By analyzing the extent of sample digestion, in L. major and T. brucei we exposed that these samples were less digested than those for T. cruzi, suggesting that the MNase protecting complex at the spliced-out region or the TASs could have been destroyed during the more extensive digestion experienced by T. cruzi samples (Fig 1C, S1 Fig and S2B Fig). Despite the sizes of the sequenced DNA molecules that look similar between T. cruzi and T. brucei, those from the latter were gel-purified before library preparation. The reason why the MNase protecting complexes were more preserved in T. brucei is possibly because they were less digested. From this analysis we could also observe that while the protection is centered at the TAS in T. brucei, it is shifted upstream in L. major. Whether this is the result of a methodological difference, or it has a biological meaning will require further investigation. However, it is worth mentioning that the GC content around TASs is different in L. major compared to trypanosomes [26], that could contribute to explain this differential arrangement. Furthermore, this shift is not only observed for average nucleosome occupancy, but the footprint is also coincident with R-loop detection by DRIP-seq (Fig 1 and S5 Fig).
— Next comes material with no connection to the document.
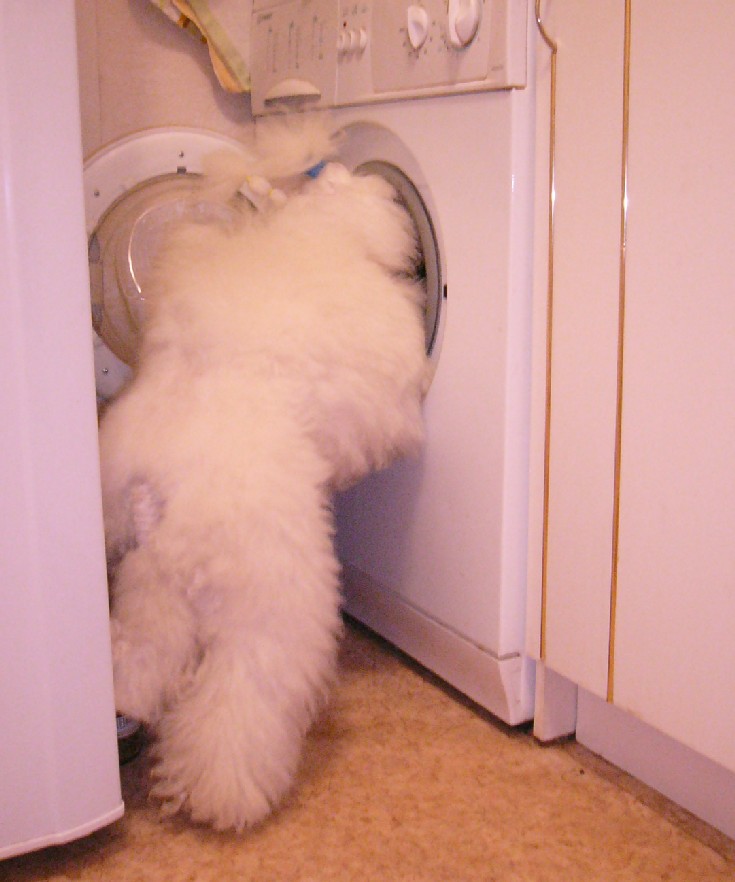 Однажды вечером одна белая любопытная пуделишка сделала большое открытие - она открыла стиральную машину (хотя до этого спокойно жила, три года не проявляя к ней никакого интереса). Вот что из этого получилось.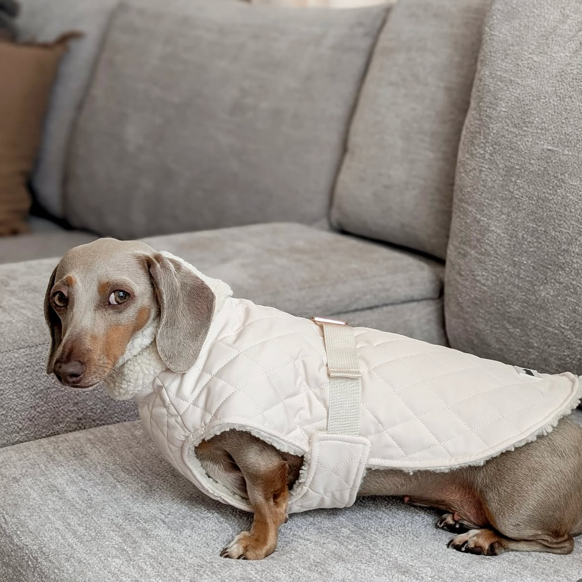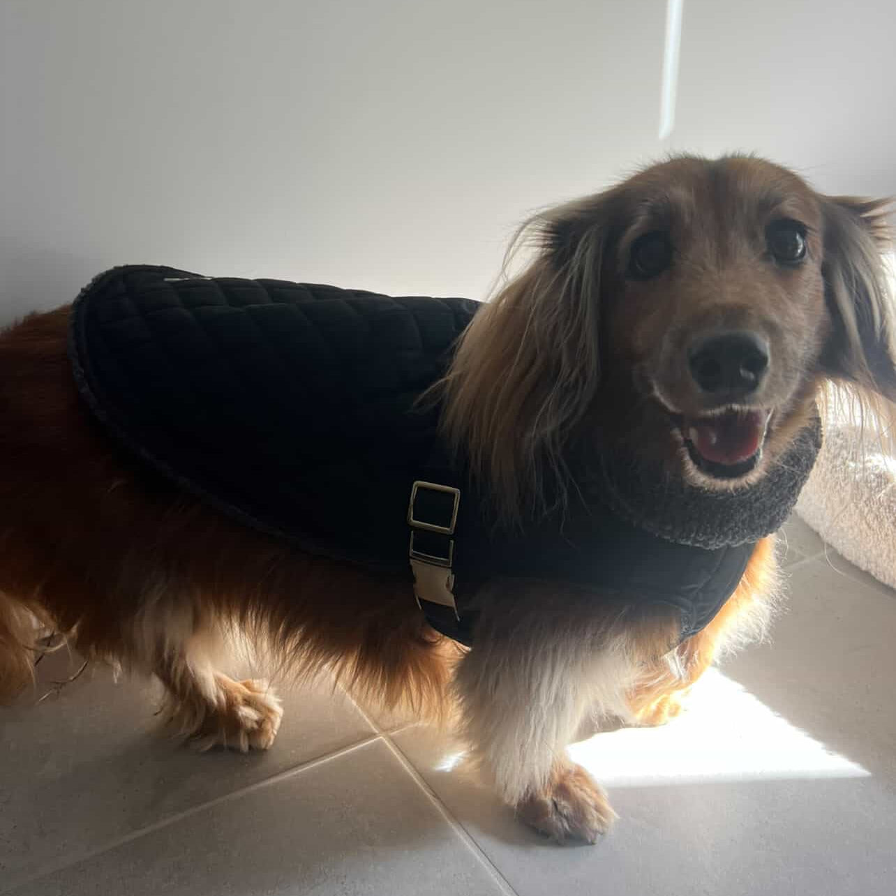 Walk-ready in seconds. No fumbling with the coat, just clip your lead through and go.

As discussed before in different eukaryotic systems, using several digestion timepoints helps to understand more deeply what is coded in the chromatin landscape [61–63]. To expose the MNase-sensitive nature of the TASs protecting complex, we analyzed MNase-seq datasets available for T. brucei in which the samples achieved different levels of digestion*.* We could observe that the TASs protection was indeed closely related to the size-range of the sequenced DNA molecules (Fig 2 and S3 Fig). Moreover, it is interesting to compare the heatmaps and 2D-plot representation for the early digestion point (Low digestion)—were the complex that protects the TASs is only accessible in part of the genome, and it has a footprint that is heterogeneous in size (Fig 2 and S3 Fig)—with the sample shown in Fig 1 where the MNase protection is observed in the whole genome (Fig 1, T. brucei heatmap). This analysis unveils that different regions of the genome are not equally accessible, highlighting the relevance of checking the level of digestion reached by a given sample. Moreover, the kinetic of digestion of the MNase-protecting complex is faster than the observed for the neighboring nucleosomes (Fig 2), suggesting that TAS protection might be due to a non-nucleosome complex.
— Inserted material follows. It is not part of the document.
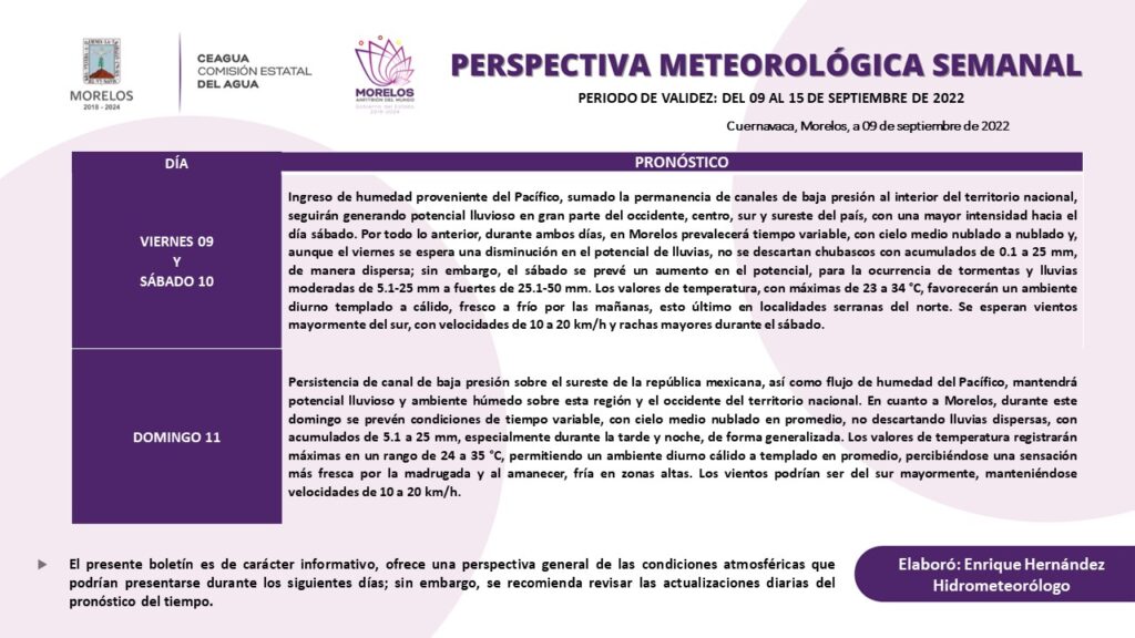 La Comisión Estatal del Agua (Ceagua) replica la información que emite el Servicio Meteorológico Nacional (SMN), referente a las temperaturas para el segundo fin de semana de septiembre de 2022, en el que persistirá el ingreso de humedad proveniente del Pacífico, sumado a la permanencia de canales de baja presión al interior del territorio nacional, generando potencial lluvioso en gran parte del occidente, centro, sur y sureste del país.

Deciphering the nature of the molecule/s that could be bound at those sites of the genome that are less sensitive to MNase, is one of the most relevant questions and a topic of ongoing research in the chromatin field. In yeast, there are a couple of examples where NDRs colocalize with the presence of non-histone complexes at gene promoters and at tDNA genes transcribed by RNA polymerase III [53,54]. To expose the presence of histones in the MNase-sensitive complex protecting the TASs in TriTryps, we analyzed MNase-ChIP-seq data for histone H3 from T. brucei and T. cruzi from similar levels of digested samples with an optimal range of digestion for nucleosome mapping as previously described [64]. We observed that, when analyzing nucleosome-size (120–180 bp) DNA molecules or longer fragments (180–300 bp), the TASs of either T. cruzi or T. brucei are mostly nucleosome-depleted. However, when representing fragments smaller than a nucleosome-size (50–120 bp) some histone protection is unmasked (Fig 3 and S4 Fig). This observation suggests that the MNase sensitive complex sitting at the TASs is at least partly composed of histones. In the case of T. brucei this observation was true either for native or crosslinked conditions (Fig 3A and S4A, respectively). Unfortunately, there is no similar data available for L. major; hence, whether the MNase protecting complex detected at the spliced-out region in L. major contains histones remains an open question.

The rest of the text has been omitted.